Биологическая характеристика возбудителя чумы

Возбудитель чумы Yersiniae Pestis относится к роду иерсиний и является возбудителем особо опасной инфекции — чумы.

Морфология: Гр- палочка овоидной формы полиморфна. Спор и жгутиков нет. Имеет нежную капсулу. При окрашивании метиленовым синим отмечается биполярное окрашивание (концы окрашиваются интенсивнее, чем середина).

Тип дыхания: факультативные анаэробы.

Факторы патогенности: токсин (экзо и эндо), ферменты патогенности.
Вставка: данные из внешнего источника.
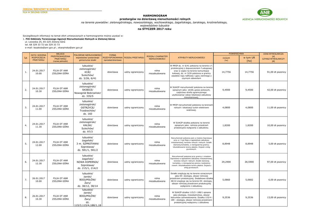 ODDZIAŁ TERENOWY W GORZOWIE WLKP. FILIA W ZIELONEJ GÓRZE HARMONOGRAM przetargów na dzierżawę nieruchomości rolnych na terenie powiatów: zielonogórskiego, nowosolskiego, wschowskiego, żagańskiego, żarskiego, krośnieńskiego, województwo lubuskie na STYCZEŃ 2017 roku Szczegółowych informacji na temat ofert umieszczonych w harmonogramie można uzyskać w: 1. Filii Oddziału Terenowego Agencji Nieruchomości Rolnych w Zielonej Górze ul. Lwowska 25, 65-225 Zielona Góra tel. 68 329 33 72 lub 329 33 73 e-mail: [email protected] ; [email protected] Lp. DATA I GODZINA ROZPOCZĘCIA PRZETARGU MIEJSCE PRZEPROWADZENIA PRZETARGU (nazwa jednostki) 1. 24.01.2017 10.00 FILIA OT ANR ZIELONA GÓRA lubuskie/ zielonogórski/ KIJE/ Sulechów/ dz. 3/26, 6/41 dzierżawa 2. 24.01.2017 10.30 FILIA OT ANR ZIELONA GÓRA lubuskie/ zielonogórski/ SKIBICE/ Nowogród Bobrzański/ dz. 335/5 3. 24.01.2017 11.00 FILIA OT ANR ZIELONA GÓRA 4. 24.01.2017 11.30 POŁOŻENIE NIERUCHOMOŚCI FORMA województwo/ powiat/obręb/ ROZDYSPONOWANIA RODZAJ PRZETARGU gmina/numer działki (sprzedaż/dzierżawa) POWIERZCHNIA RODZAJ I CHARAKTER NIERUCHOMOŚCI ATRYBUTY NIERUCHOMOŚCI ustny ograniczony rolna niezabudowana W MPZP dz. nr 6/41 położona na terenie o f. produkcyjnej z dopuszczeniem f.usługowej oraz w części na terenie komunikacji kołowej, dz. nr 3/26 położona w granicy zasobów ropy naftowej i gazu ziemnego z czynnym odwiertem dzierżawa ustny ograniczony rolna niezabudowana lubuskie/ zielonogórski/ OSTRZYCE/ Trzebiechów/ dz. 160 dzierżawa ustny ograniczony rolna niezabudowana FILIA OT ANR ZIELONA GÓRA lubuskie/ zielonogórski/ KALSK/ Sulechów/ dz. 97/3 dzierżawa ustny ograniczony 5. 24.01.2017 12.00 FILIA OT ANR ZIELONA GÓRA lubuskie/ żagański/ 3 m. SZPROTAWA/ Szprotawa/ dz. 581/1, 581/2 6. 24.01.2017 12.30 FILIA OT ANR ZIELONA GÓRA lubuskie/ żagański/ NOWA KOPERNIA/ Szprotawa/ dz. 215/1, 214/2 7. 26.01.2017 10.00 FILIA OT ANR ZIELONA GÓRA lubuskie/ żarski/ BOGUMIŁÓW/ Żary/ dz. 38/12, 38/14 FILIA OT ANR ZIELONA GÓRA lubuskie/ żarski/ BOGUMIŁÓW/ Żary/ dz. 115/3,115/4,188/1,18 8. 26.01.2017 10.30 CENA WYWOŁAWCZA [zł] CZYNSZ WYWOŁAWCZY [dt] OGÓŁEM [ha] w tym UR [ha] 14,7756 14,7756 91,00 dt pszenicy 9,4900 9,4500 42,00 dt pszenicy W MPZP nieruchomość położona na terenach rolnych i lokalizacji turbin elektrowni wiatrowej. 4,0800 4,0800 11,00 dt pszenicy rolna niezabudowana W SUiKZP działka położona na terenie opisanym jako: rolnicza przestrzeń produkcyjna wyłączona z zabudowy. 1,8200 1,8200 10,00 dt pszenicy ustny ograniczony rolna niezabudowana Nieruchomość położona jest w mieście Szprotawa przy ul. 3-go Maja w sąsiedztwie zabudowy mieszkaniowej, terenów rolnych i leśnych. Działki stanowią kompleks, o nieregularnej granicy. Ukształtowanie terenu płaskie. Dojazd z dróg gruntowych. 8,8948 8,8948 5,00 dt pszenicy ustny ograniczony rolna niezabudowana Nieruchomość położona przy granicy z miastem Szprotawa w sąsiedztwie zabudowy mieszkaniowej, terenów rolnych i leśnych. Działki stanowią kompleks, o nieregularnej granicy rozdzielony rowem. Ukształtowanie terenu płaskie. Dojazd z dróg gruntowych. 29,2900 28,5900 dzierżawa ustny ograniczony rolna niezabudowana Działki znajdują się na terenie oznaczonym jako E4- ekologia, obszar rolniczej przestrzeni produkcyjnej. Dodatkowo działka 38/14 znajduje się na terenie E5- ekologia, obszar rolniczej przestrzeni produkcyjnej wyłączone z zabudowy. 5,0860 5,0682 6,00 dt pszenicy dzierżawa ustny ograniczony rolna niezabudowana W SUiKZP działka 115/3 i 188/1 opisana jako:ekologia, mieszkalnictwo, obszar kierunków zainwestowania. Działka 115/4 i 189 - ekologia, obszar rolniczej przestrzeni produkcyjnej wyłączony z zabudowy 9,2536 9,2536 13,00 dt pszenicy dzierżawa dzierżawa W SUiKZP nieruchomość położona na terenie opisanym jako: strefa upraw polowych, częściowo strefa ograniczonego użytkowania/ zakaz lokalizacji zabudowy mieszkaniowej. 97,00 dt pszenicy 9. 26.01.2017 11.00 FILIA OT ANR ZIELONA GÓRA lubuskie/ żarski/ BOGUMIŁÓW/ Żary/ dz. 118/2, 118/4 dzierżawa ustny ograniczony rolna niezabudowana W SUiKZP działka 118/2 opisana jako ekologia i obszar rol. przestrz. produkcyjnej wyłączony z zabudowy. Działka 118/4-las do adaptacji. 4,4400 2,9200 11,00 dt pszenicy dzierżawa ustny ograniczony rolna niezabudowana W SUiKZP nieruchomość położona na terenie upraw rolno-ogrodniczych i rolnych. Działka 96/2 położona na terenie leśnym. 10,8000 10,4500 32,00 dt pszenicy 10. 26.01.2017 11.30 FILIA OT ANR ZIELONA GÓRA lubuskie/ żarski/ RASZYN/ Lubsko/ dz. 83,83/1,100/2,99/3, 11. 26.01.2017 12.00 FILIA OT ANR ZIELONA GÓRA lubuskie/ żarski/ RASZYN/ Lubsko/ dz. 214/4 dzierżawa ustny ograniczony rolna niezabudowana W SUiKZP działka położona na terenie opisanym jako:usługi sportowo-rekreacyjne z zapisem zabudowy letniskowej, usługi nieuciążliwe,zbiornik retencyjny. 30,1200 30,0900 46,00 dt pszenicy 12. 26.01.2017 12.30 FILIA OT ANR ZIELONA GÓRA lubuskie/ żarski/ WIERZCHNO/ Brody/ dz. 59 dzierżawa ustny ograniczony rolna niezabudowana W SUiKZP działka położona na terenie opisanym jako: częściowo teren ekosystemów łąkowo-leśnych, częściowo strefa rozwoju osadnictwa wiejskiego z dop. Rozwoju przestrzennego 13,1000 12,6700 13,00 dt pszenicy 141,1500 138,0622 RAZEM Informacje zawarte w niniejszym harmonogramie nie stanowią oferty w rozumieniu przepisów ustawy z dnia 19 października1991 r. o gospodarowaniu nieruchomościami rolnymi Skarbu Państwa (j.t. Dz. U. z 2016 r., poz. 1491). Informacje o przetargach stanowiące ofertę zawarte są w ogłoszeniach publikowanych w miejscach zwyczajowo przyjętych oraz na stronie internetowej www.anr.gov.pl Pisemne zgłoszenia dotyczące nieruchomości wystawianych do sprzedaży lub dzierżawy zgłaszać należy na adres jednostki terenowej: OT ANR w Gorzowie Wlkp., Filia w Zielonej Górze ul. Lwowska 25, 65-225 Zielona Góra a takż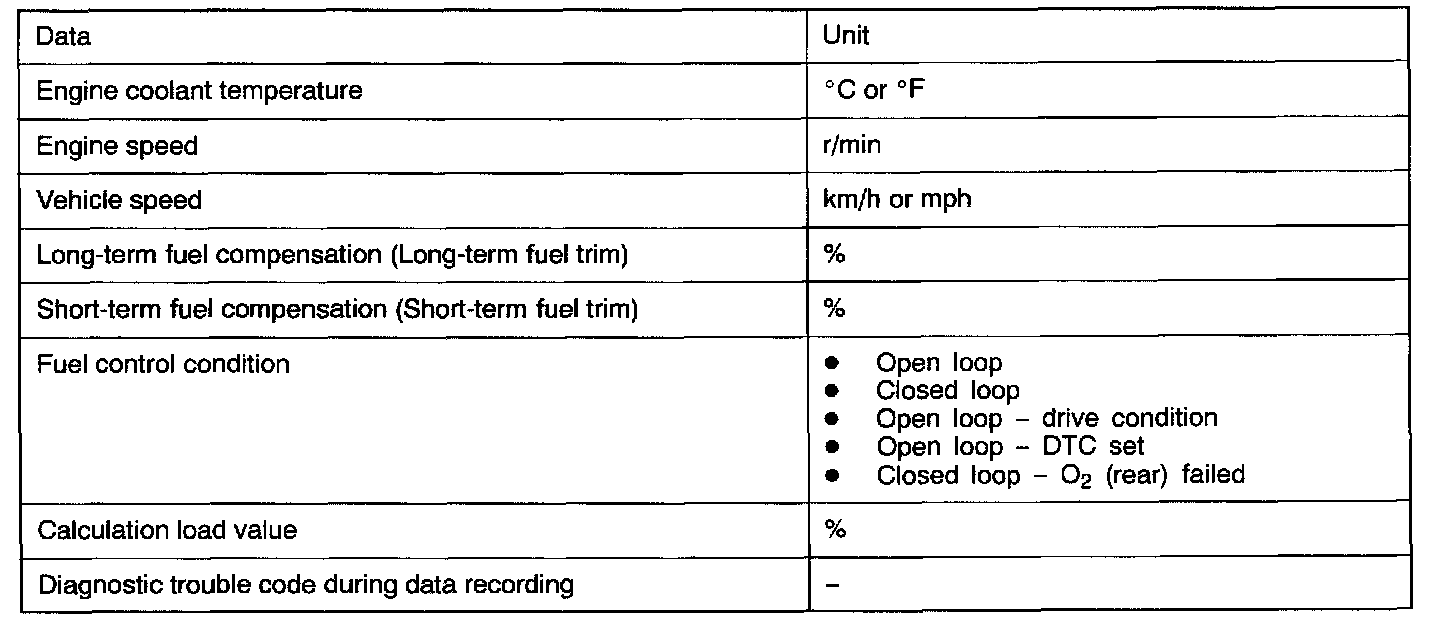 This data can be read by using the scan tool, and can then be used in simulation tests for troubleshooting. Data items are as follows.

Культивирование: растет на простых питательных средах (МПА) при 28-30 градусах Цельсия через 12-14 часов. Для ускорения роста к МПА добавляют кровь. Элективная среда - среда Тумановского (среда с добавлением генцианвиолета для подавления сопутствующей микрофлоры). На питательных средах растут в R-форме. На плотных средах — колонии в виде глыбок с неровными краями превращающиеся через 48 часов в «кружевной платок». На жидких средах — пленка с тяжами (сталактитовый рост).

Биохимические свойства: расщепляет сахара (глюкозу, манит, мальтозу, арабинозу) до кислоты. Не расщепляет сахарозу, рамнозу.

Протеолитические свойства: образует сероводород, не разжижает желатину.

Антигенные свойства: бактерии чумы содержат групповой соматический О-антиген и видовой К-антиген.

Методы исследования: микроскопический, в т.ч. РИФ, биолологический (на морских свинках). Забор материала и лабораторное исследование проводится только в противочумных костюмах.

Материал для исследования зависит от локализации возбудителя:

1. Содержимое язвы или бубона

2. Мокрота

3. Кал

4. Кровь

5. Убитые блохи и грызуны

Алгоритм микробиологического исследования на чуму:

1. Микроскопия исследуемого материала (РИФ, окраска по Граму, метиленовым синим). Гр- палочки, при окраске метиленовым синим — биполярное окрашивание (концы более синие, чем центр. РИФ — светящиеся в люминисцентном микроскопе овоидные палочки.

2. Постановка биопробы для выделения чистой культуры. Заражение материалом морских свинок (загрязненные материал вводят подкожно, незагрязненный материал внутрибрюшинно). Гибель животных на 3-7 день. Вскрывают, выделение ЧК из органов животных.

3. Первичный посев исследуемого материала на среду Филдса — незагрязненный другой микрофлорой материал — кровь. Среду Туманского — загрязненный материал. Термостат при 28 градусах Цельсия на 12-24-48 часов.

4. Через 12 часов просмотр чашек — при наличии колонии в виде глыбок битого стекла, приготовление препаратов, окраска по Граму, метиленовым синим. Постановка пробы Творта — пробы с противочумным бактериофагом наносят на колонию и ставят в термостат при 28 градусах Цельсия на 12 часов. При положительном результате — лизис колонии.

5. Выделение ЧК путем посева на скошенный агар МПА (28 градусов Цельсия 12 часов).

6. Через 24 часа просмотр чашек и пробирок, учет результатов. Чашки — колонии в виде «кружевного платочка» - R-форма. Пробирки с МПБ — пленка с тяжами вниз «сталактитовый рост». Скошенный агар (ЧК) — вязкий сероватый налет. Проба Творта — лизис колонии. Предварительный ответ.

7. Идентификация ЧК по биохимическим свойствам (ряды Гисса). Проба Творта с ЧК (28 градусов Цельсия 12-14 часов). Окончательный ответ через 36-48 часов.

При исследовании погибших грызунов необходимо дифференцировать иерсинии чумы от иерсиний псевдотуберкулеза. В отличие от иерсинии чумы иерсинии псевдотуберкулеза расщепляют рамнозу и растут на голодных средах, не лизируются противочумным бактериофагом.